In this project only one solution, that is, listening to a streaming API, is considered to collecting the desired data from Meetup without the locking of the API key. This is not a feasible method if a service does not provide a streaming API. Therefore, this work is only relevant in situations where a streaming API is available. It is consequently likely that there exist other methods which might reduce the number of requests sent to the API and prevent the locking that are not considered in this report. The reason for this delimitation is mainly due to time limitations for the project.

Furthermore, only one streaming API is investigated in this project, which means that all conclusions drawn will be based solely on the results from this streaming API. However, the purpose with streaming APIs is generally the same, which means that the conclusions drawn can be expected to be relevant for other streaming APIs as well.

1.7. Outline

Chapter 2 explains the concepts needed to understand the built system, as well as giving a description of previous work in the same area. Chapter 3 presents different existing methods considered for this project and the method chosen to be used for the project. Chapter 4 presents the system architecture and the different steps included to build the system. Chapter 5 describes the results of the project and finally chapter 6 discusses error sources, choice of methods and future work.

(12)

5

Chapter 2

Background

In this section the background for the project is presented. This includes a description of the different aspects the reader might need information about in order to understand the project, such as a description of the difference between REST API and streaming API, a description of how streaming works, and a description of TCP, as well as a presentation of previous similar works done in this area.

2.1. Difference between REST API and streaming API

An application program interface (API) is a set of data and functions for allowing interaction between computer programs and exchange of information between them. API:s are used by client programs to communicate with web services. [2]

The representational state transfer (REST) is an architecture style that is commonly used for modern web services. It is built on the following constraints[2]:

1. Identification of resources: An identifier for a Web-based concept, for example URI.

2. Manipulation of resources through representations: Allows a resource to be represented in different formats without changing its identifier.

3. Self-descriptive messages: Metadata for additional info of the resource.

4. Hypermedia as the engine of application state: Links to related resources.

A Web API listens and responds to requests that comes from a client. If the API uses a REST architecture style it is called a REST API. A REST API makes a Web-service “RESTful” [2].
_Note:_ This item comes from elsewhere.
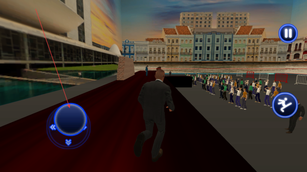 4、遇到紧急情况或需要快速撤离时,点击屏幕右下角的奔跑按钮,操控总统加速移动摆脱危险。
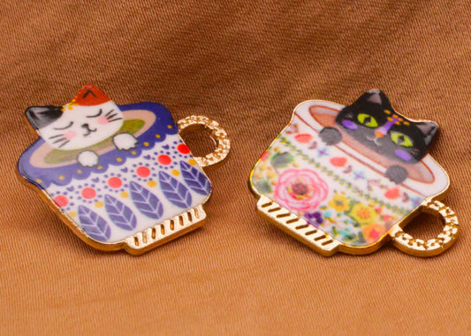 Cat Kitty Tea Cup Colorful Metal Button Various 21x23mm

Unlike a REST API, a streaming API has a “persistent connection”, which means that it keeps the request open indefinitely, that is, it never closes the connection. There are a few steps involved when using a streaming API[3]:

1. The client makes an initial request.

(13)

CHAPTER 2: BACKGROUND

6

2. The server defers the request until an update is available or a timeout has occurred.

3. The server sends an update to the client when it becomes available.

4. The connection is not terminated by the sent update and the server returns to step three.

This way of requesting a streaming API is based on the capability of the server to send data on the same response without terminating the requests. It reduces network latency since the client and the server do not need to close and open the connection repeatedly.[3]

2.2. Streaming

Streaming is about making data available as soon as a client application needs it. This is useful when a user needs immediate access to data that is constantly updated. If delays in data transferring is crucial and the data needs to be analyzed as soon as it becomes available, streaming is the way to go.[4]

Streaming should be separated from downloading. Consider the following example to illustrate the difference: Imagine you want a drink of water. If you fill up a glass of water and then drink it, it can be viewed as downloading. If you instead drink the water directly from the bottle, it can be viewed as streaming[5]. The difference between these two scenarios is that in the first case you save your water in a temporary location before consuming it. In the second case you drink the water directly from the source.

A streaming data system is a system that delivers data when the client requests it immediately. These kinds of streaming systems are in-the-moment systems.[4]

The streaming technology is capable of transmitting data such as video and audio events in real-time over the internet, when they are happening. The main features of streaming are the following[5]:

● Deliver live content, for example a football match, concert or political speech at the same time it happens.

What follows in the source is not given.